Von Gamschen und Manschetten zur edlen Konfektion
Im Jahre 1886 wurde am Heinrichplatz in Berlin - Kreuzberg das Eckhaus Oranienstraße 191 im Zuge des Ausbaues der Luisenstadt als Teil der westlichen Friedrichstadt im Rahmen der zweiten Stadterweiterung errichtet. Seit 1897 befindet sich in den Erdgeschoßräumen des Hauses ein Herrenausstattungsgeschäft.
Der erste Inhaber, Irving Mandel, handelte zunächst mit Kragen, Manschetten, Gamaschen und Kragenstäbchen, doch schon bald nahm er auch Maßkonfektion in sein Programm auf.

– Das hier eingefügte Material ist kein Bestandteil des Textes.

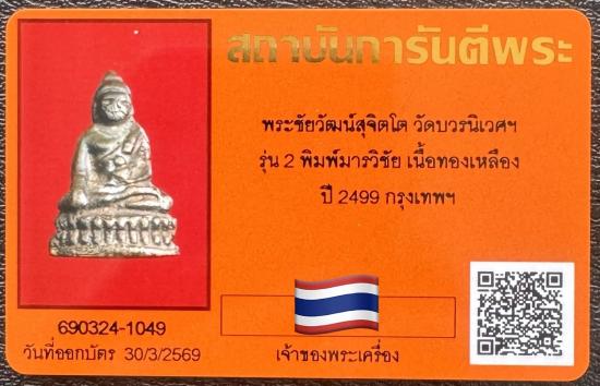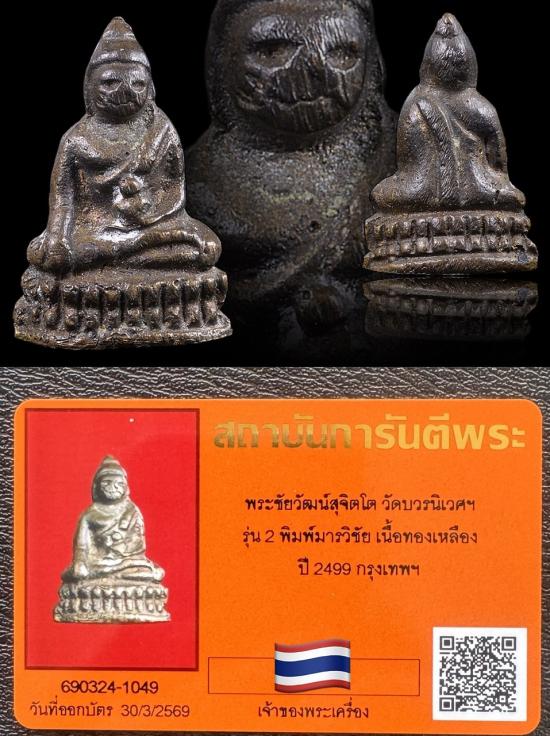 พระชัยวัฒน์สุจิตโต วัดบวรนิเวศฯ รุ่น 2 พิมพ์มารวิชัย เนื้อทองเหลือง ปี2499 พระเดิมน่าเก็บมากครับ พร้อมบัตร รับประกันแท้และตามกฎครับ

Im Jahre 1931 übergab Herr Mandel das Geschäft an seinen Verkäufer Kurt Stoisik und dessen Familie. Dieser prägte den Geschäftsnamen Kusto, gebildet aus den Anfangsbuchstaben seines Namens. Nach den Kriegswirren baute er das Geschäft wieder auf und stellte sein Angebot nach dem Prinzip >>aus alt mach neu<< zusammen. In den fünfziger Jahren dann blühten die Oranienstraße und der Heinrichplatz zu neuem Leben auf, und ebenso der Herrenausstatter Kusto. Nach Kurt Stoisiks Tod im Jahre 1976 übernahm sein Neffe Hans-Jürgen Manthey das Geschäft.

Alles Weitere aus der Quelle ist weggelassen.